* _Description of the task_: Some of the lines below need repeating. Reproduce exactly those between the lines holding "- Características Interiores: Balcón, Barra" and "Description : Sleeveless, possibly", inclusive.

* _Data excerpts_:
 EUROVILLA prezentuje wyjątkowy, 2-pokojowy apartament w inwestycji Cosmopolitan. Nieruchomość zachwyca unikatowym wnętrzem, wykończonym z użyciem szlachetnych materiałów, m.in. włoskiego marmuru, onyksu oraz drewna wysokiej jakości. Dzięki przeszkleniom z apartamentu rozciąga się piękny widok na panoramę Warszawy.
...
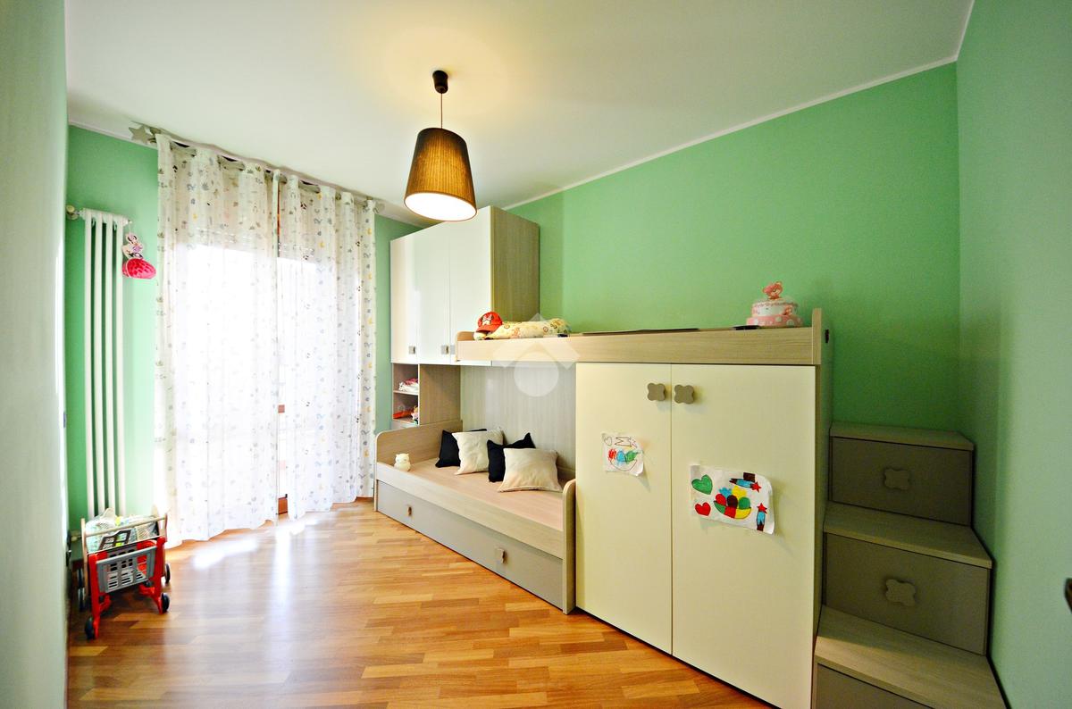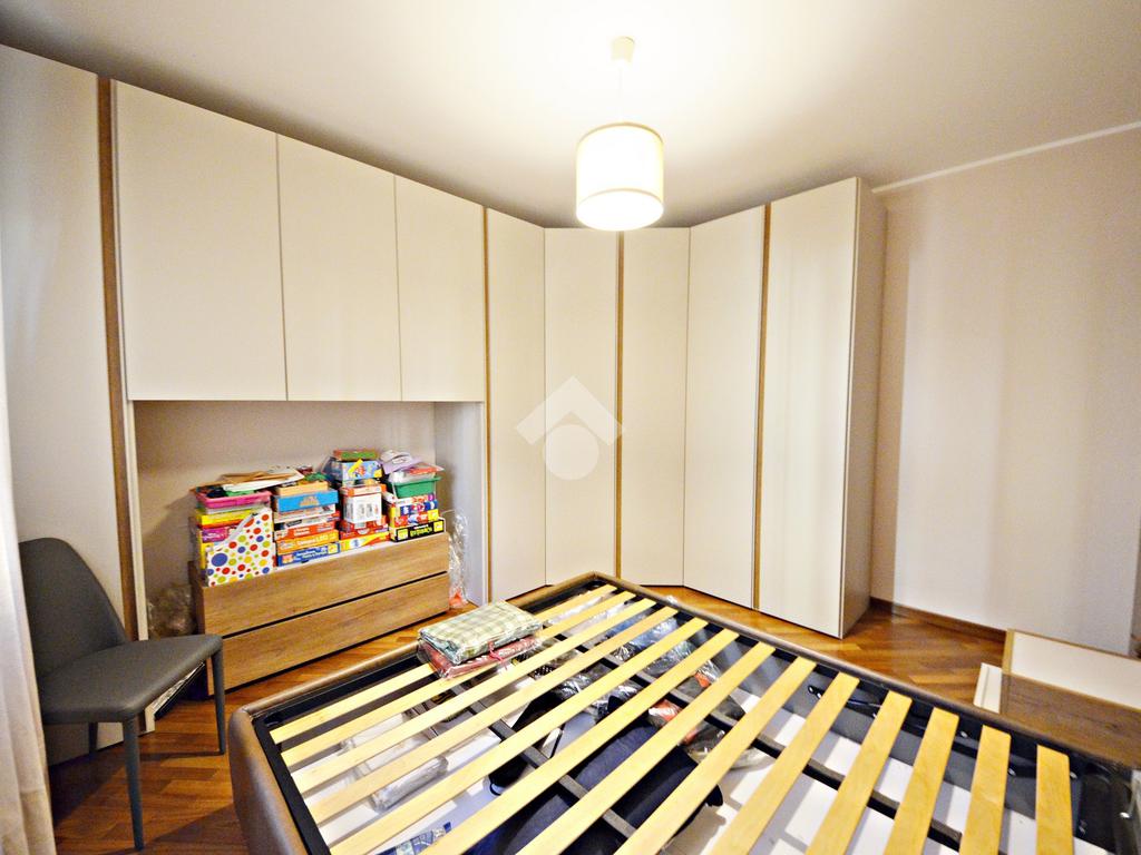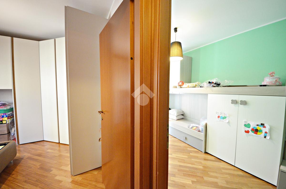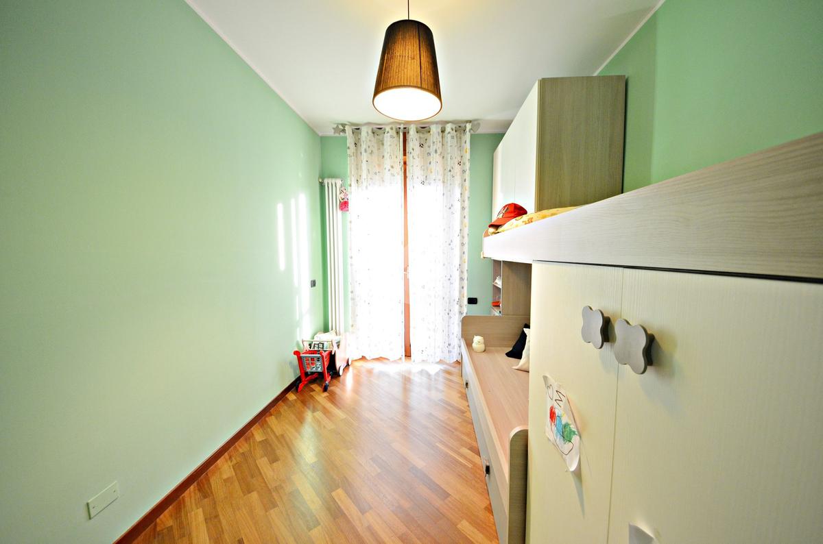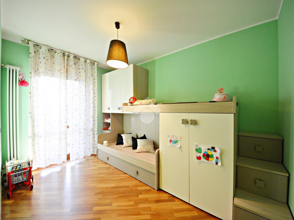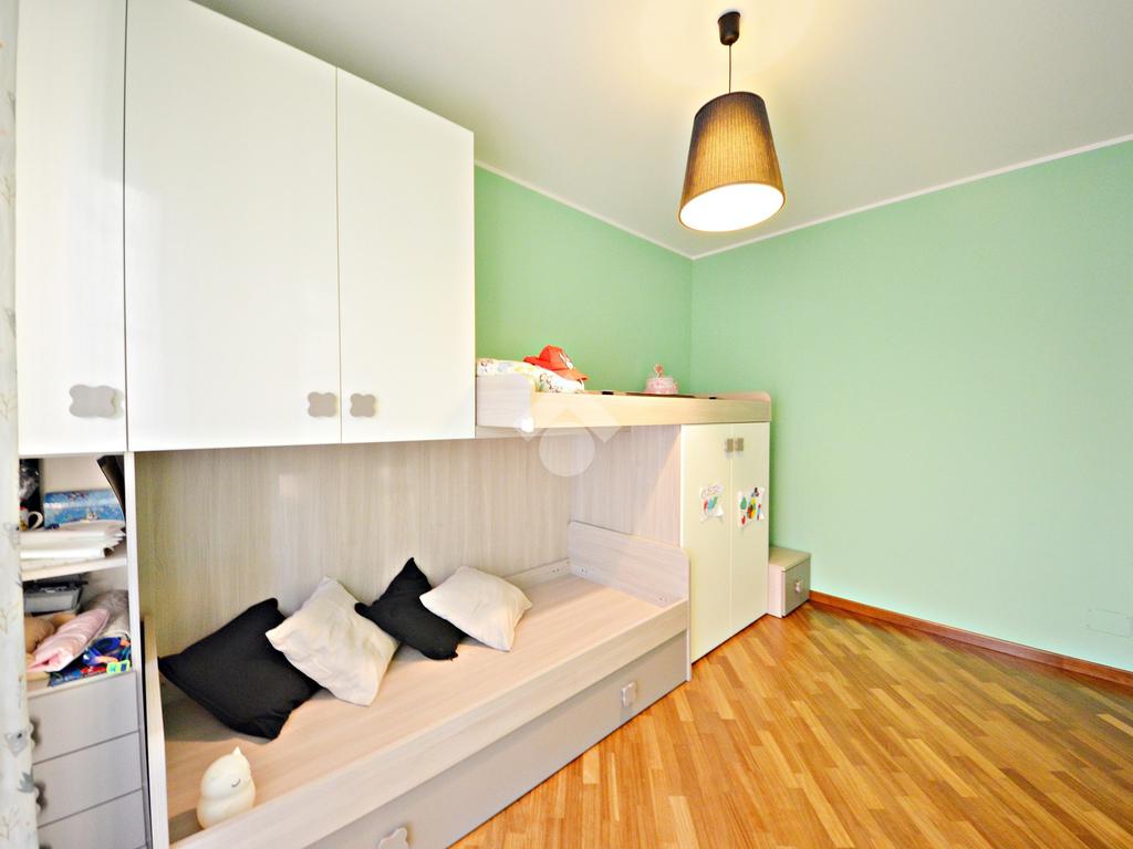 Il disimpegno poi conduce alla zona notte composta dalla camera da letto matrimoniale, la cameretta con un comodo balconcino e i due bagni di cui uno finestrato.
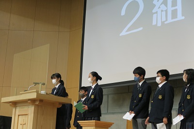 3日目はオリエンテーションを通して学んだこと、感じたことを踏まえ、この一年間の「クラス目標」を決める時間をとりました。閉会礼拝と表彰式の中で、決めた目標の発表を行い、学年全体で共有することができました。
--
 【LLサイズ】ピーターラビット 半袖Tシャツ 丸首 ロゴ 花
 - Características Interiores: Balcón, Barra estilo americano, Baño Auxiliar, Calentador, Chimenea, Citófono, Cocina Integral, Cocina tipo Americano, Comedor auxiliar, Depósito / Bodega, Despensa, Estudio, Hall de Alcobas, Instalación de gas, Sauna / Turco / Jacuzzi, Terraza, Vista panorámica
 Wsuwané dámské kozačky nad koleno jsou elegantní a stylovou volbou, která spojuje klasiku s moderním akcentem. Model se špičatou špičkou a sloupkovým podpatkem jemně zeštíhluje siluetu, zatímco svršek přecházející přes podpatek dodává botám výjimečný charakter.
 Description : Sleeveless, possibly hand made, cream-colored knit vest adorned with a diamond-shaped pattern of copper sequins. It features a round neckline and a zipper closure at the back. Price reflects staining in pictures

* _Task solution_:
 - Características Interiores: Balcón, Barra estilo americano, Baño Auxiliar, Calentador, Chimenea, Citófono, Cocina Integral, Cocina tipo Americano, Comedor auxiliar, Depósito / Bodega, Despensa, Estudio, Hall de Alcobas, Instalación de gas, Sauna / Turco / Jacuzzi, Terraza, Vista panorámica
 Wsuwané dámské kozačky nad koleno jsou elegantní a stylovou volbou, která spojuje klasiku s moderním akcentem. Model se špičatou špičkou a sloupkovým podpatkem jemně zeštíhluje siluetu, zatímco svršek přecházející přes podpatek dodává botám výjimečný charakter.
 Description : Sleeveless, possibly hand made, cream-colored knit vest adorned with a diamond-shaped pattern of copper sequins. It features a round neckline and a zipper closure at the back. Price reflects staining in pictures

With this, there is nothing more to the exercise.